Re: Comments on Ceph distributed parity implementation

All of lore.kernel.org
 help / color / mirror / Atom feed

From: Loic Dachary <loic@dachary.org>
To: Harvey Skinner <hpmpec2a@gmail.com>
Cc: ceph-devel@vger.kernel.org
Subject: Re: Comments on Ceph distributed parity implementation
Date: Tue, 18 Jun 2013 17:46:56 +0200	[thread overview]
Message-ID: <51C080F0.70907@dachary.org> (raw)
In-Reply-To: <CAJOObieUVDQwXVeM68ybuXBmPkZsb57b-gwyVwNVC6VQaat4Zw@mail.gmail.com>

[-- Attachment #1: Type: text/plain, Size: 11038 bytes --]

Hi Harvey,

On 06/18/2013 04:31 PM, Harvey Skinner wrote:
> all,
> 
> 
> nice discussion on implementing  erasure-encoding as an option in Ceph for
> object store.   THis will be a great feature option.   I would recommend
> that a good default be implemented  as being discussed here, but also that
> an API or plug-in be architected at the same time so the deployment could
> also use some other form of parity/erasure-encoding if required/desired.
> Governments and other vendors will push/convince (or have hardcoded in an
> RFP) that some other algorithm be used and allowing an API/plug-in
> capability will allow Ceph to still be applicable. There are some
> proprietary object store solutions today which allow other
> erasure-encode/parity plug-ins which you will want to be competitive with.
> 

For most coding libraries it looks like an abstract API such as:

// extra == GF(2^8) for instance, i.e. parameters dependant on the kind of encoding function
context = initialize(int k, int m, void* extra)
// code block into k+m chunks
code(context, char* block, char** chunks)
// decode k+m chunks into block and if chunk[i] is erased[i], repair it
decode(context, char** chunks, char* block, int* erased)

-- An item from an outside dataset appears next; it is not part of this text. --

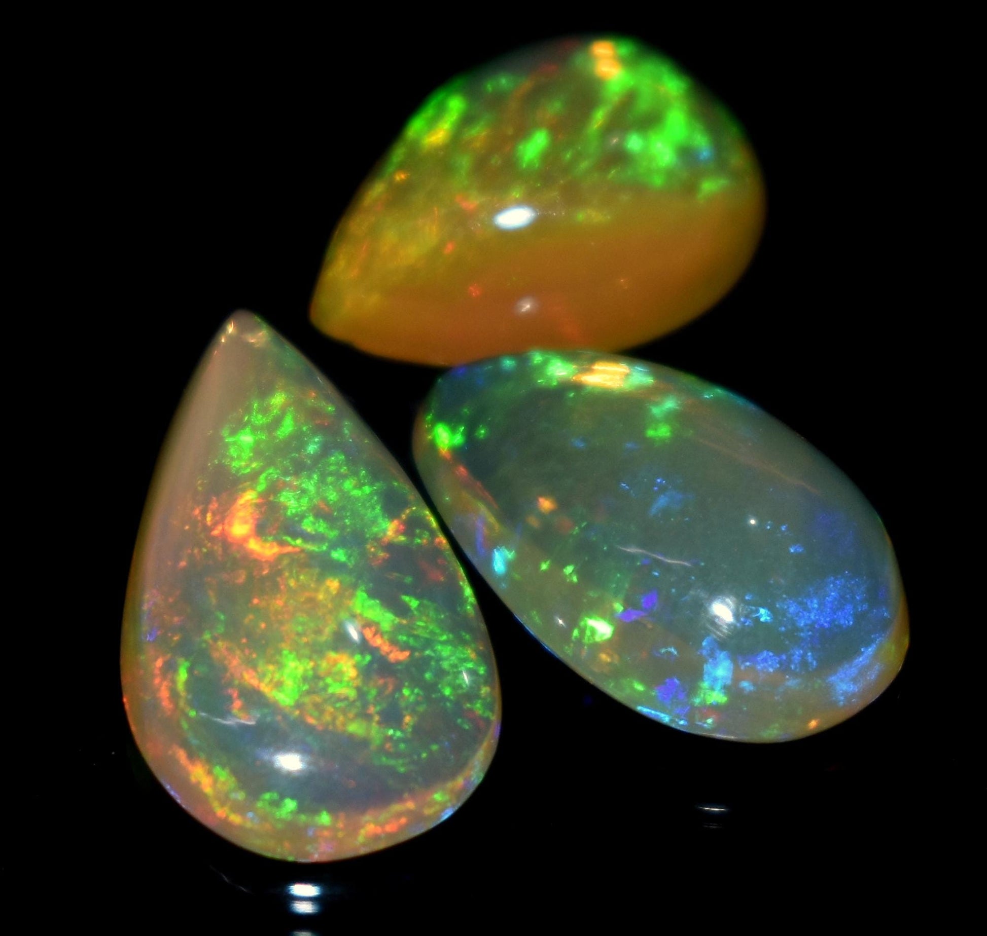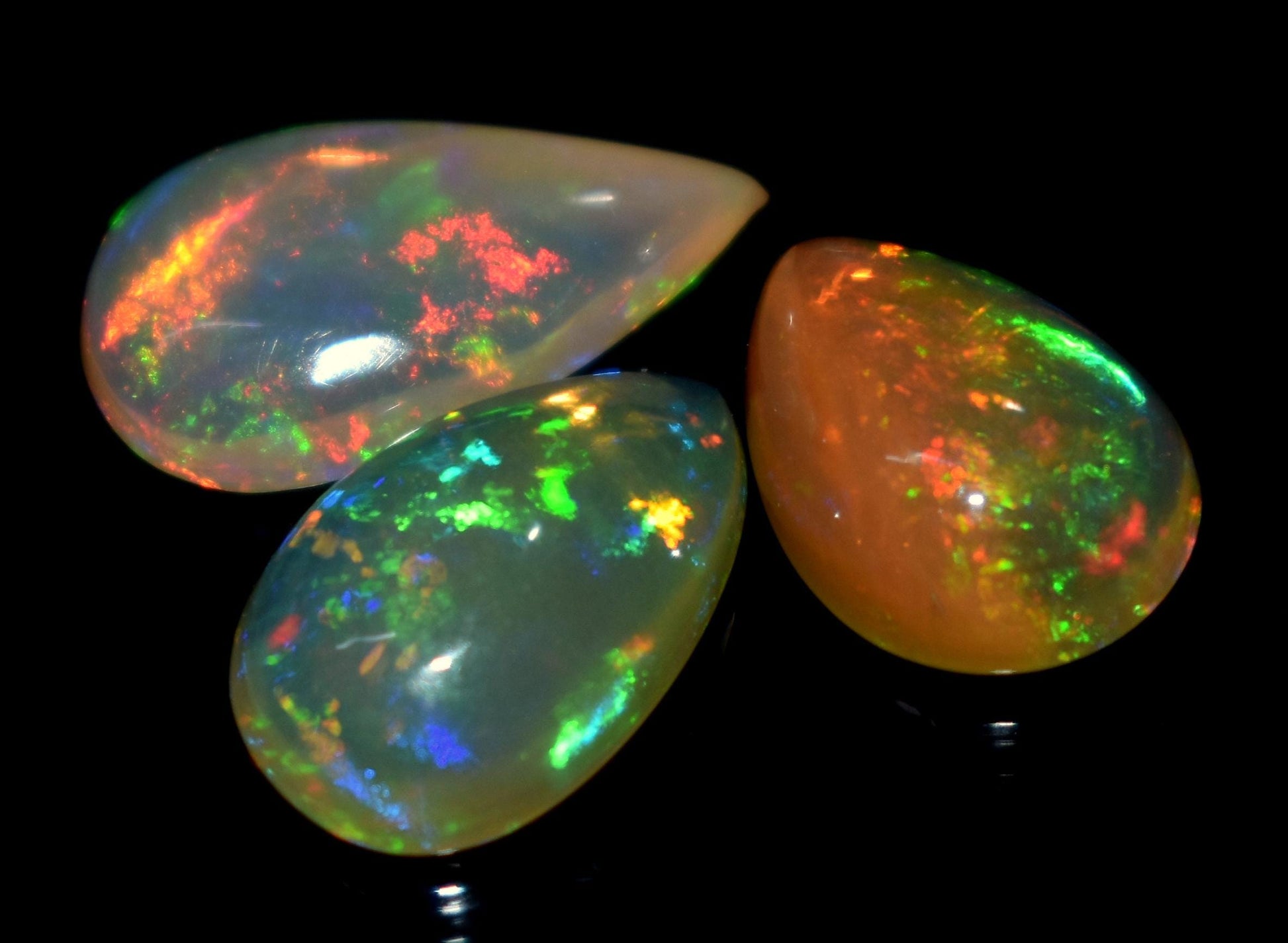 Very beautiful: 100% Natural Ethiopian Opal, Pear Welo Fire Cabochon Gemstone Lot
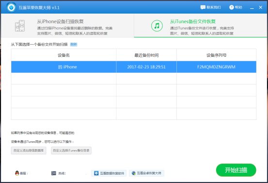 第二步:用數(shù)據(jù)線將需恢復(fù)微信聊天記錄的蘋果手機(jī)連接到電腦上,第一次將蘋果手機(jī)接入電腦,需下載iTunes進(jìn)行數(shù)據(jù)備份,按照提示操作即可。運(yùn)行互盾蘋果恢復(fù)大師軟件,我們會(huì)看到“從iPhone設(shè)備掃描恢復(fù)”“從iTunes備份文件恢復(fù)”兩個(gè)選擇,之前對(duì)蘋果手機(jī)進(jìn)行過(guò)iTunes數(shù)據(jù)備份,我們則直接點(diǎn)擊“從iTunes備份文件恢復(fù)”的“開(kāi)始掃描”按鈕。

is all we need. However, if hierarchical codes are to be considered, the code() function will need information about the location of the object ( the crushmap maybe ?) and probably output additional information to be used when coding other objects, not just chunks. 

What do you think ? 
                           
> I would see initial deployments of erasure-encoded object store be used for
> static data objects; block device usage would come later if proved to be as
> performant as replicated objects.   Replication as done now in Ceph may
> still be a better block storage solution choice for DR strategies,
> configuring replicas to be at different DR site(s).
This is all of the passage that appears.